Required packages
library(tidyverse)
library(plotly)
library(factoextra)
library(FactoMineR)
library(corrplot)This tutorial draws from content in Practical
Guide to Principal Component Methods in R. The full book provides
far greater detail. The purpose of this tutorial is to highlight a
limited set of functions from the factoextra library and
provide a general overview of overarching PCA concepts using interactive
data based on research in Investigating
higher education productivity and its measurement in
Australia.
Complex, multi-variate data sets can leave us scratching our heads about where to begin an investigation. Which variables are related? Which relationships are key? How to visualize and communicate insights in a simple way?
One possible answer is to proceed with dimensionality reduction (DR) on your set of data. Principal component analysis (PCA) is a common DR method for continuous variables. So what is PCA? To answer that, we need to build a conceptual understanding of what PCA does to a set of data.
First, let’s begin with some data. A quick look at some indicative multi-dimensional data will help show the power and relevance of DR and PCA.
mock_data <- tibble(point = c("P1", "P2", "P3", "P4", "P5", 'P6', "P7", "P8", "P9", "P10",
"P11", "P12", "P13", "P14", "P15"),
var_1 = ceiling(runif(15, 0, 10)),
var_2 = ceiling(runif(15, 0, 10)),
var_3 = var_1 + var_2) %>%
column_to_rownames(var = "point")
head(mock_data)## var_1 var_2 var_3
## P1 6 7 13
## P2 2 4 6
## P3 7 2 9
## P4 10 1 11
## P5 6 2 8
## P6 10 3 13
The nature of this data indicates why and when DR can be so powerful. Click and drag on the plot below to explore different perspectives. What do you notice about the shape of the data?

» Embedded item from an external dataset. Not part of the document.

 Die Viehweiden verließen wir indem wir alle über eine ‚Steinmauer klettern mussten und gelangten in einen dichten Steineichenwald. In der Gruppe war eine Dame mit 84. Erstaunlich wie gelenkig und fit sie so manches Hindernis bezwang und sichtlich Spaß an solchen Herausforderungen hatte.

plot_ly(mock_data, x = ~var_1, y = ~var_2, z = ~var_3,
type = "scatter3d",
mode = "markers",
text = row.names(mock_data),
hoverinfo = "text") The data above exist along a 2-D plane in 3-D space. So, a 2-D representation of the points should suffice in capturing all the information contained in the data set. That’s where PCA comes in. PCA can project these points onto a 2-D plane and while maximizing the amount of variation preserved in the data set.

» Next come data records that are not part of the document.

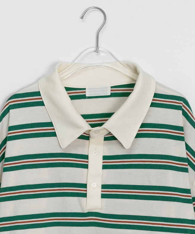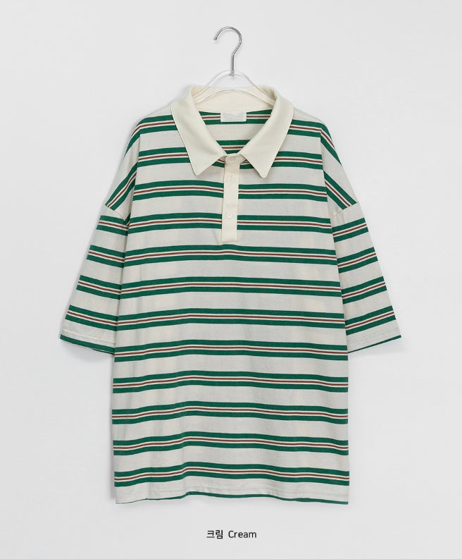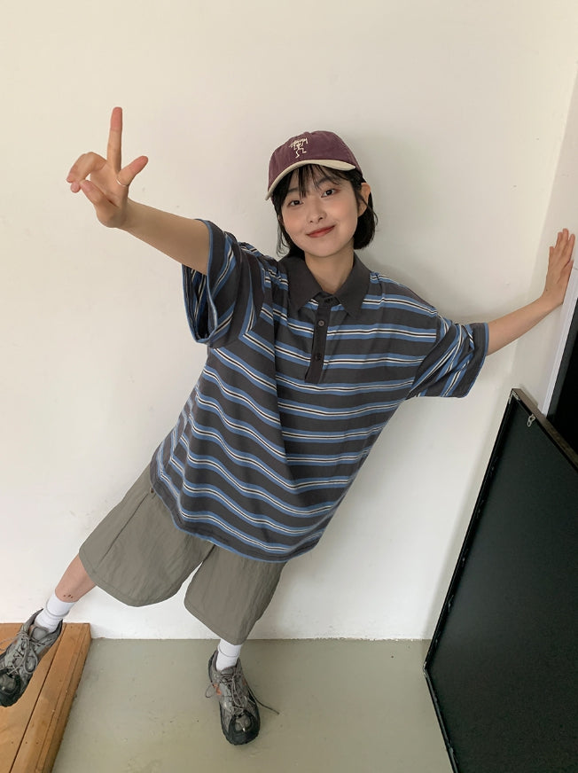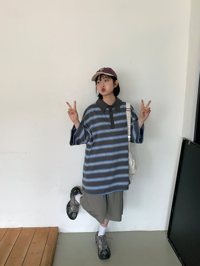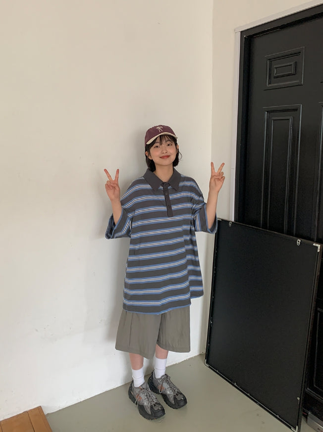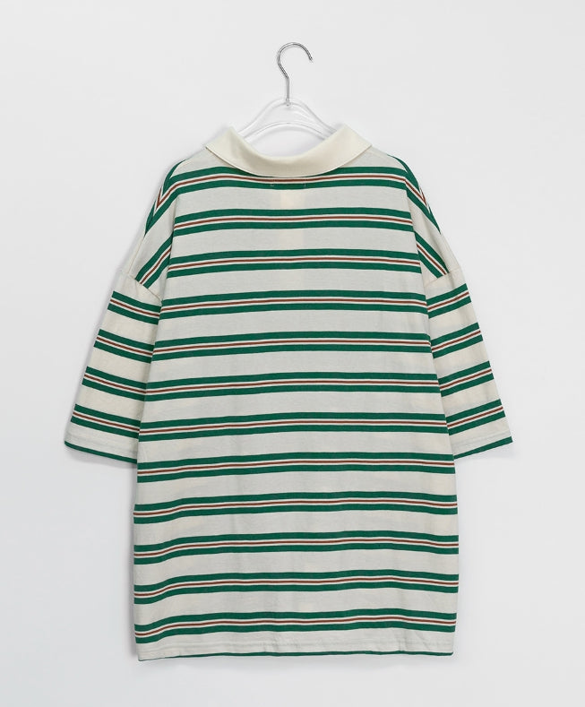 [男女兼用]ヒュデンドボーダー襟付きオーバー半袖Tシャツ
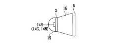 テーパロッドレンズアレイ4は、楔形のガラス柱からなる複数のテーパロッドレンズ16が位相差板3を介して各LED14R,14G,14Bに対応して配置されたものである。図2において、テーパロッドレンズ16の左側の面が入射端面、右側の面が出射端面である。個々のテーパロッドレンズ16は入射端面側から出射端面側に向けて先拡がりのテーパ状の形状となっている。同様に、テーパロッドレンズアレイ4の出射端面側に設けられたロッドレンズアレイ7は、入射端面側と出射端面側とで同径のガラス柱からなる複数のロッドレンズ17が、各LED14R,14G,14B(各テーパロッドレンズ16)に対応して配置されたものである。
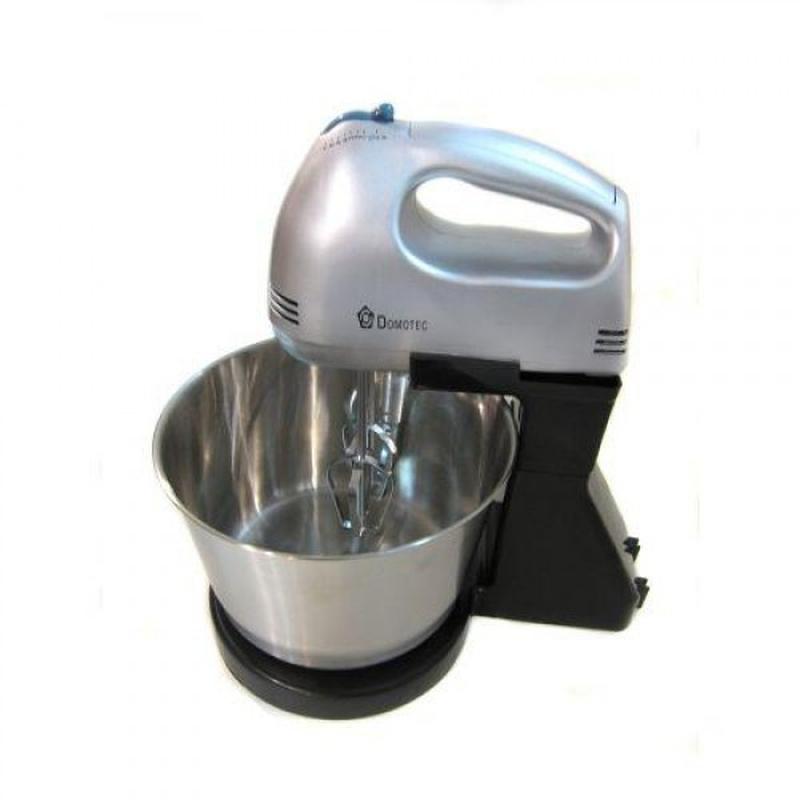 Міксер із залізною чашею DOMOTEC DT-1133 Міксер Domotec MS-1133 поєднує в собі властивості ручного та стаціонарного міксера. Він обладнаний мотором, потужність якого становить 200 Вт і дає змогу легко збивати яйця, соуси, бісквітне тісто тощо. Ручний міксер із чашею MS-1133 має 7 швидкісних режимів роботи для збивання продуктів різної щільності. У комплекті Domotec MS-1133 є велика чаша, на яку легко встановлюється міксер, у такий спосіб перетворюючи його на стаціонарний прилад, що дає змогу звільнити руки на кухні. Також є два віночки для збивання та додаткові гаки для замішування тіста, що гідно оцінять господині, які люблять тішити свою сім'ю різною випічкою. Міксер Domotec MS-1133 — прилад дуже зручний, легкий у використанні та очищенні, який допомагатиме готувати Ваші улюблені страви. Корпус міксера Domotec MS-1133, підставка та чаша виготовлені з пластику, а насадки з неіржавкої сталі, продумана до дрібниць ергономіка надає додатковий комфорт у використанні цього міксера. Характеристики: • 7 скоростей • Живлення: 220V 50Hz • Потужність: 200W • Матеріал корпусу: пластик, метал • Металева чаша • Об'єм чаші: 2л • Нахил підставки на 45 градусів • Кнопка для зручної екстракції насадок • Колір: сріблястий, підставка чорна • Довжина кабелю живлення: 90 см • Розмір міксера: 17,5 x 7 x 12 см Комплектація: • Миксер • 2 шт. насадка для збивання • 2 шт. насадка для тіста • Підставка • Чаша • Інструкція • Коробка
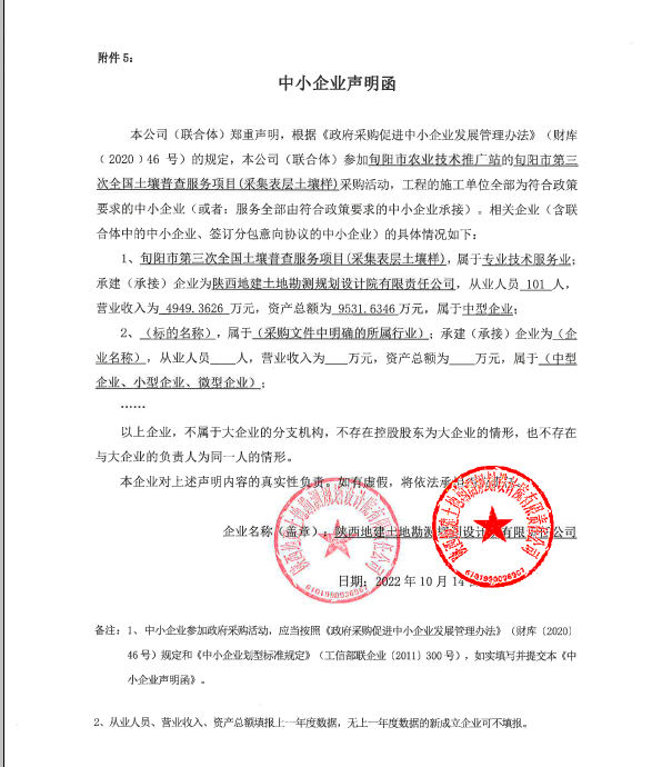 合同包1(旬阳市第三次全国土壤普查服务项目(采集表层土壤样)): 服务类(陕西地建土地勘测规划设计院有限责任公司)
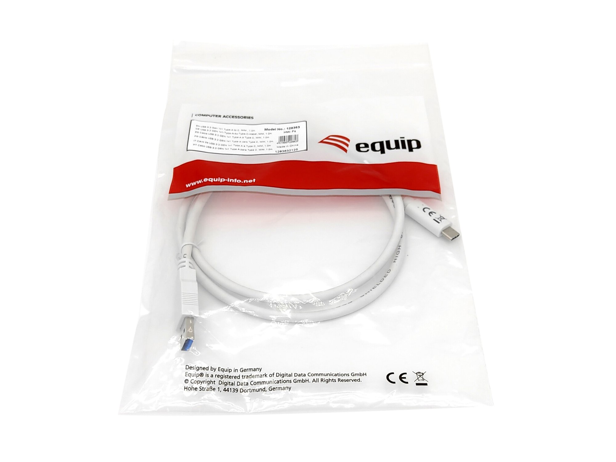 Equip USB 3.2 Gen 1 C to A Cable, 0.5m, 5Gbps, White. Cable length: 0.5 m. Connector 1: USB C, Connector 2: USB A, USB version: USB 3.2 Gen 1 (3.1 Gen 1), Maximum data transfer rate: 5 Gbit/s, Connector contacts plating: Nickel, Product colour: White

After you run the code below, play around with the orientation of the 3-D visual, and see if you can orient the 3-D plot to resemble the 2-D plot produced by PCA. In doing so, you can see how PCA projects the points onto the new space, while dropping an entire dimension.
mock_pca <- PCA(mock_data, scale.unit = F, graph = F)
fviz_pca_ind(mock_pca, repel = T)Create some indicative university operational/perforamnce data.
uni_data <- tibble(institution = c("Uni A", "Uni B", "Uni C", "Uni D", "Uni E", "Uni F"),
group = c("G2", "G2", "G1", "G2", "G1", "G1"),
year = c("2015", "2015", "2015", "2015", "2015", "2015"),
academic_staff = c(1000, 2000, 1500, 500, 3000, 2000),
non_academic_staff = c(750, 2250, 1500, 750, 2600, 2100),
ug_completions = c(3000, 6200, 4400, 1600, 8900, 5000),
research_pubs = c(1750, 1500, 2050, 1200, 3050, 2800),
cap_ex = c(2000000, 1000000, 5000000, 250000, 4000000, 3000000),
attrition_rate = c(0.2, 0.12, 0.15, 0.25, 0.1, .13))The PCA package we’re using takes data frames with row names because the input data must only be continuous variables.
pca_data <- uni_data %>%
column_to_rownames(var = "institution") %>% # set the institution variable to row names
select(-c(year, group)) # select only continuous variables‘Eigen values’ emerge as a result of running PCA on the data and creating new dimensions. We won’t get into the linear algebra, but the eigen values represent the percentage of variance in the data captured by each new dimension.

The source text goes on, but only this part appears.